The default likelihood we use in the examples is `GravitationalWaveTransient`:
The simplest likelihood
-----------------------
To start with let's consider perhaps the simplest likelihood we could write
down, namely a Gaussian likelihood for a set of data :math:`\vec{x}=[x_1, x_2,
\ldots, x_N]`. The likelihood for a single data point, given the mean
:math:`\mu` and standard-deviation :math:`\sigma` is given by
.. math::
\mathcal{L}(x_i| \mu, \sigma) =
\frac{1}{\sqrt{2\pi\sigma^2}}\mathrm{exp}\left(
\frac{-(x_i - \mu)^2}{2\sigma^2}\right)
Then, the likelihood for all :math:`N` data points is
.. math::
\mathcal{L}(\vec{x}| \mu, \sigma) = \prod_{i=1}^N
\mathcal{L}(x_i| \mu, \sigma)
In practise, we implement the log-likelihood to avoid numerical overflow
errors. To code this up in :code:`tupak`, we would write a class like this::
class GaussianLikelihood(tupak.Likelihood):
def __init__(self, data):
"""
A very simple Gaussian likelihood
Parameters
----------
data: array_like
The data to analyse
"""
self.data = data
self.N = len(data)
self.parameters = {'mu': None, 'sigma': None}
def log_likelihood(self):
mu = self.parameters['mu']
sigma = self.parameters['sigma']
res = self.data - mu
return -0.5 * (np.sum((res / sigma)**2)
+ self.N*np.log(2*np.pi*sigma**2))
This demonstrates the two required features of a :code:`tupak`
:code:`Likelihood` object:
#. It has a `parameters` attribute (a dictionary with
keys for all the parameters, in this case, initialised to :code:`None`)

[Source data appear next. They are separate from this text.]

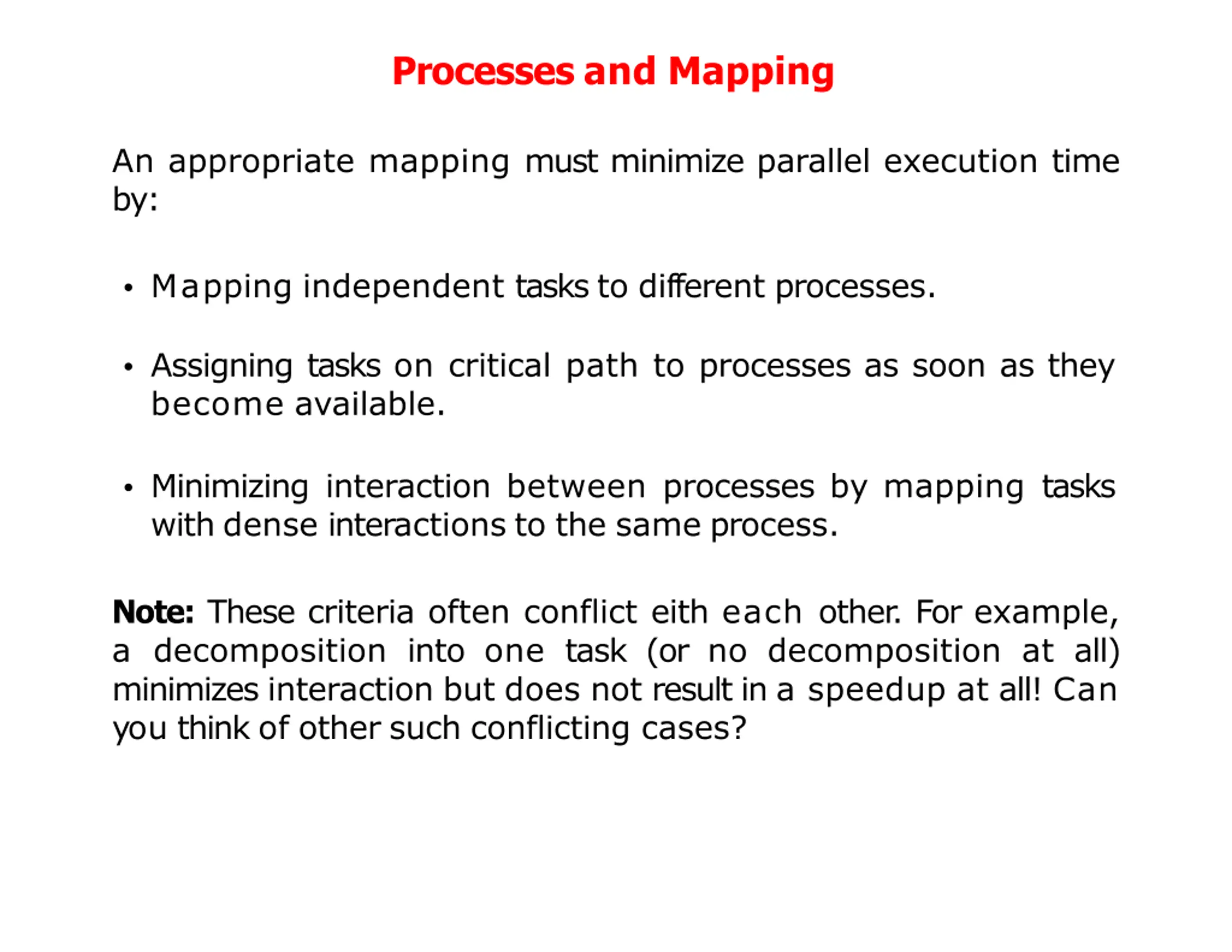 Processes and Mapping An appropriate mapping must minimize parallel execution time by: Mapping independent tasks to different processes. Assigning tasks on critical path to processes as soon as they become available. Minimizing interaction between processes by mapping tasks with dense interactions to the same process. Note: These criteria often conflict eith each other. For example, a decomposition into one task (or no decomposition at all) minimizes interaction but does not result in a speedup at all! Can you think of other such conflicting cases?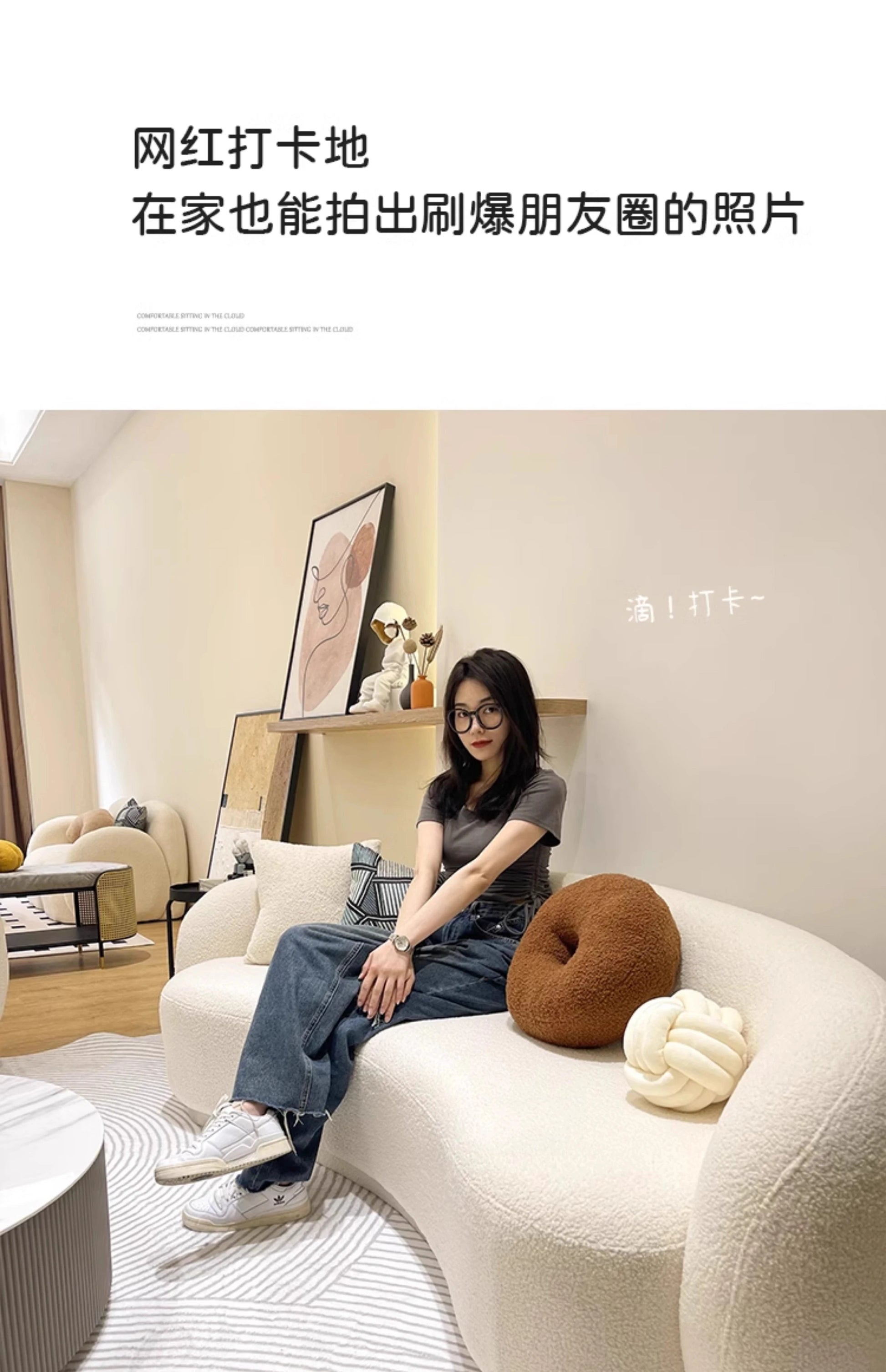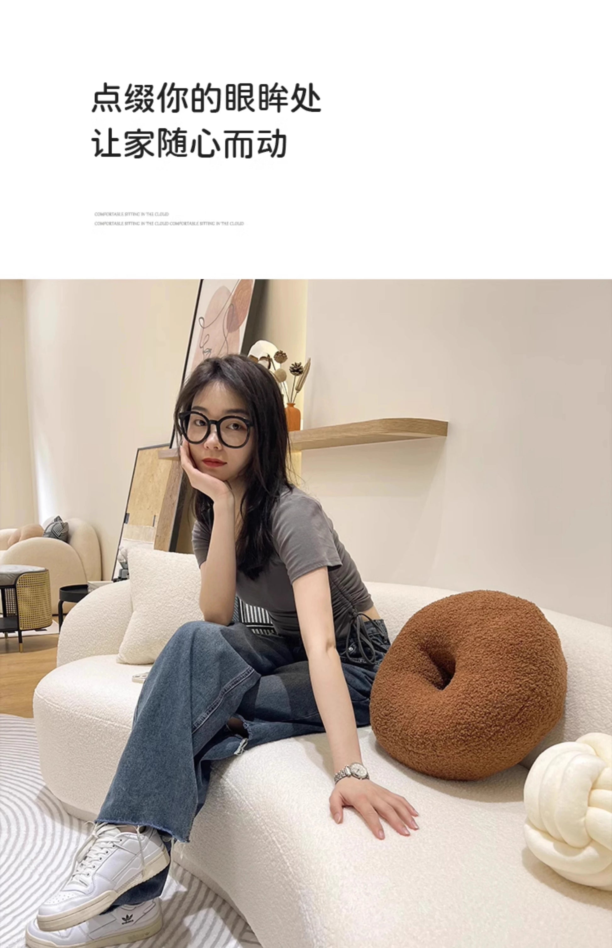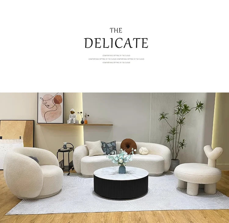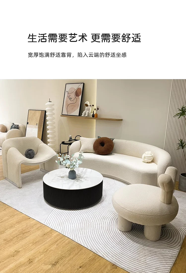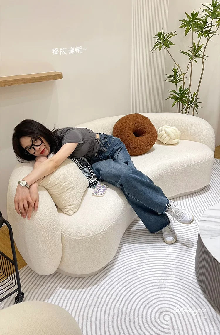 En elegant och avslappnad soffa med mjuk tygklädsel i lammullsstil – perfekt för moderna hem med känsla för lyx och komfort.
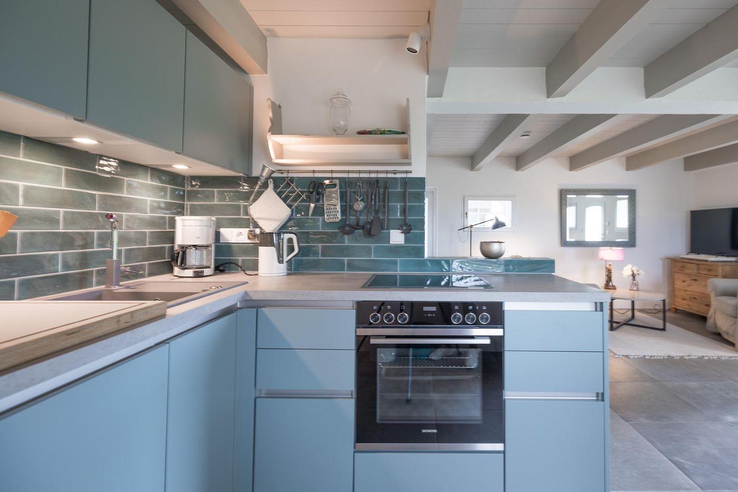 Unser Ferienhaus bietet auf gut 70 qm Platz für bis zu vier Personen. Im Erdgeschoss erwartet Sie ein behaglich eingerichteter Wohnbereich, wo Sie sich in der gemütlichen Sofaecke vor dem großen Flachbild-TV und dem Kaminofen entspannen können. Die offene und bestens ausgestattete Küche verfügt über einen Kühlschrank mit Gefrierfach, Geschirrspüler, Herd, Backofen, Mikrowelle, Kaffeemaschine, Wasserkocher und Toaster. Der helle Essbereich lädt zum gemeinsamen Genießen ein. Eine Fußbodenheizung sorgt im gesamten Erdgeschoss für angenehme Wärme.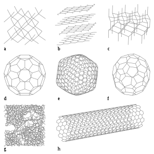 單原子碳的存活時間極短,因此碳一般以多原子形態穩定存在,這些碳原子的不同排布方式稱為同素異形體。最常見的三種碳同素異形體為無定形碳、石墨及鑽石。富勒烯曾經是新發現的奇異物質,但今天已大量生產,受到了科學家的深入研究。富勒烯共包括巴基球、[25][26]碳納米管、[27]碳納米芽[28]及碳納米纖維等。[29][30]其他同素異形體還有:藍絲黛爾石、[31]玻璃碳、[32]碳納米泡沫[33]及直鏈乙炔碳等等。[34]

#. It has a :code:`log_likelihood` method which, when called returns the log
likelihood for all the data.
You can find an example that uses this likelihood `here <https://git.ligo.org/Monash/tupak/blob/master/examples/other_examples/gaussian_example.py>`_.
.. tip::
Note that the example above subclasses the :code:`tupak.Likelihood` base
class, this simply provides a few in built functions. We recommend you also
do this when writing your own likelihood.
General likelihood for fitting a function :math:`y(x)` to some data with known noise
------------------------------------------------------------------------------------
The previous example was rather simplistic, Let's now consider that we have some
dependent data :math:`\vec{y}=y_1, y_2, \ldots y_N$` measured at
:math:`\vec{x}=x_1, x_2, \ldots, x_N`. We believe that the data is generated
by additive Gaussian noise with a known variance :math:`sigma^2` and a function
:math:`y(x; \theta)` where :math:`\theta` are some unknown parameters; that is
.. math::
y_i = y(x_i; \theta) + n_i
where :math:`n_i` is drawn from a normal distribution with zero mean and
standard deviation :math:`sigma`. As such, :math:`y_i - y(x_i; \theta)`
itself will have a likelihood
.. math::
\mathcal{L}(y_i; x_i, \theta) =
\frac{1}{\sqrt{2\pi\sigma^{2}}}
\mathrm{exp}\left(\frac{-(y_i - y(x_i; \theta))^2}{2\sigma^2}\right)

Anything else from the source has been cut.